Убивать в человеке смех — преступление. Именно это происходит, когда человека заставляют заниматься политическими проблемами, вынуждающими его воспринимать себя всерьез, и требуют от него совета там, где он ничего не смыслит. Человек перестает смеяться. Он начинает важничать. То же самое происходит, когда, наоборот, к нему не идут за советом и держат его в ежовых рукавицах.
Пьер Руа{116}, которого я расспрашиваю о его политических взглядах, заявил: «Я умеренный анархист». Думается, он нашел точную формулировку и вся Франция подвержена этому умонастроению.
О бытии вне бытия
Теперь я должен найти свое место в доме, где я пытаюсь снова заснуть. Я прекратил всякие сношения с Парижем. Там распечатывают приходящие мне письма и отсылают сюда лишь самые важные. Я ни с кем не общаюсь. Моя крапивница, наоборот, проснулась. В очередной раз замечаю, что ей нравится хорошо себя чувствовать, она пользуется моим растительным состоянием. У меня горят руки, лоб, грудь. Вероятно, моя хворь того же происхождения, что и астма, поэтому я неизлечим и могу рассчитывать лишь на временные улучшения. Я бегу солнца, на котором раньше так любил греться. Я хожу вдоль него по теневой стороне. Остальное время сижу взаперти. Читаю и пишу. Одиночество вынуждает меня быть сразу и Робинзоном, и его островом, исследовать самого себя. Я не вношу в это занятие никакой изощренности, коей просто не обладаю, зато предаюсь ему с отвагой, мне свойственной и заменяющей мне ум.
Я не способен следовать по заранее намеченному пути и живу от безрассудства до безрассудства. Я не могу долго задерживаться на одной мысли. В тот момент, когда следовало бы подскочить вплотную и оседлать ее, я даю ей ускользнуть. Всю жизнь я охотился именно так, потому что лучше не умею. Это вводит в заблуждение тех, кто мои случайные удачи принимает за ловкость, а ошибки — за стратегию. Никогда еще ни одного человека не окружало столько непонимания, любви, ненависти, потому что персонаж, за которого меня принимают, раздражает судящих издалека, — но те, кто решается подойти ближе, оказываются в положении Красавицы, которая сначала боится Чудовища, а потом вместо зверя обнаруживает добрейшую зверюгу, мечтающую лишь о том, чтобы покорить ее сердце.
Я бы сказал, что самые нежные мои привязанности рождаются из этого противоречия.
Мой миф отталкивает глупцов.
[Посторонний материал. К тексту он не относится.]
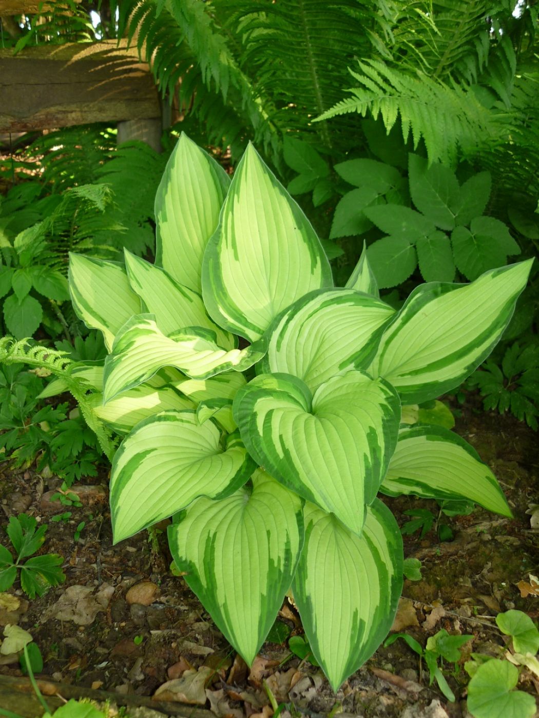 Moje hosty fortunei Albopicta rosną w cieniu pod lasem liściastym. Słońce dociera tutaj wieczorem, po godz. 18. Ziemia gliniasto-próchnicza.
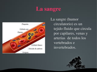 La sangre es un tejido fluido que circula por el cuerpo y está compuesto de células y componentes extracelulares. Contiene glóbulos rojos que transportan oxígeno, glóbulos blancos que combaten infecciones, plaquetas que ayudan a la coagulación de la sangre, y plasma con agua y proteínas. Los glóbulos rojos carecen de núcleo y contienen hemoglobina para transportar oxígeno y dióxido de carbono, mientras que los glóbulos blancos y plaquetas ay
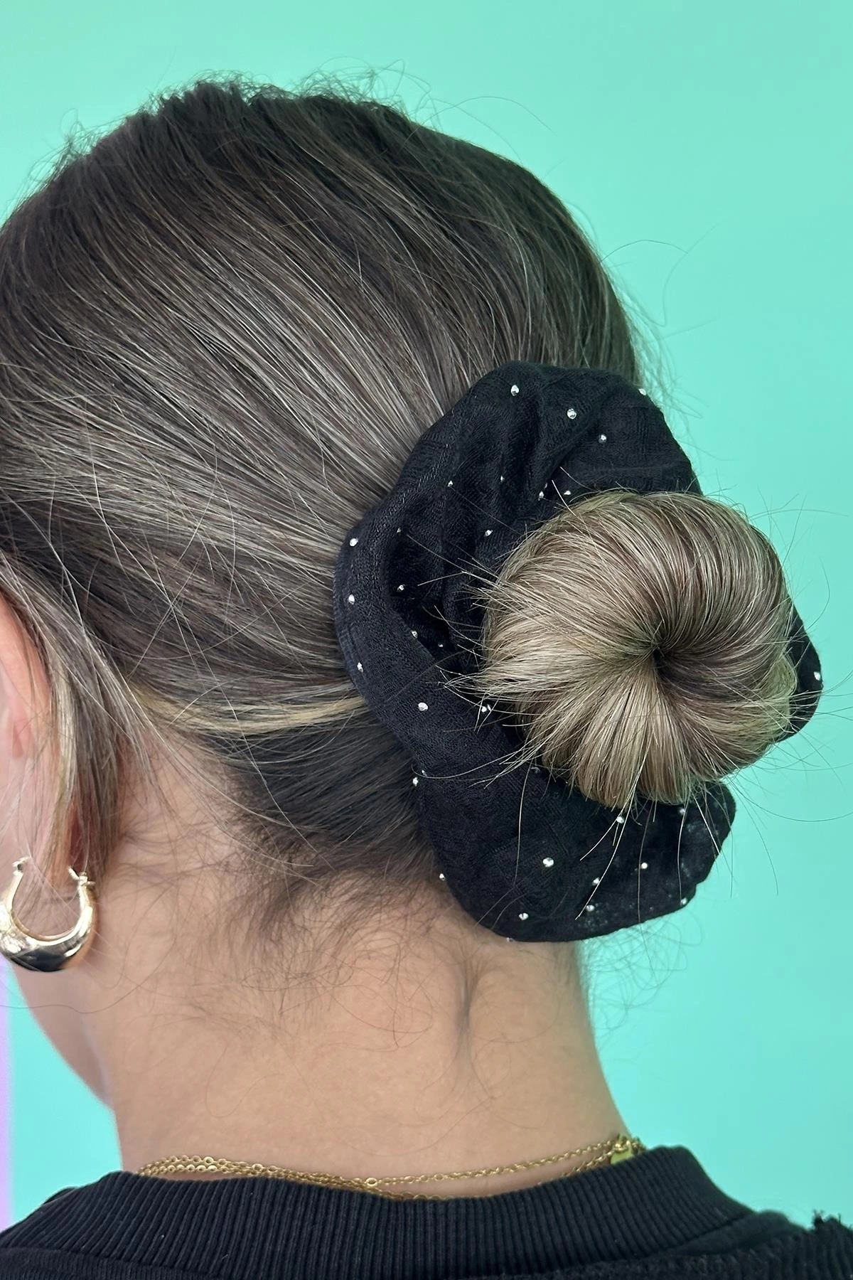 Siyah Renk Taşlı Simit Toka
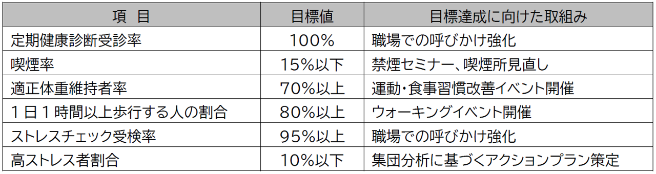 ・全社員への勉強会等で健康創りの「主役」である社員一人ひとりの健康意識とヘルスリテラシーを高め、健康情報システムから作成される健康診断レポートの活用などにより健康レベル向上を目指します。

Умные относятся ко мне с подозрением. Что остается мне между теми и другими? Скитальцы вроде меня место меняют чаше, чем рубашку, и за право находиться там, где они есть, платят представлением. Поэтому мое одиночество никогда не кажется безмолвным. Я появляюсь только в парад-алле или когда мой черед выходить на сцену. Я вынужден просить прошения у тех, с кем делю фургон, ведь они оказываются свидетелями только моих горестей и полагают, что я обращен к ним худшей своей стороной.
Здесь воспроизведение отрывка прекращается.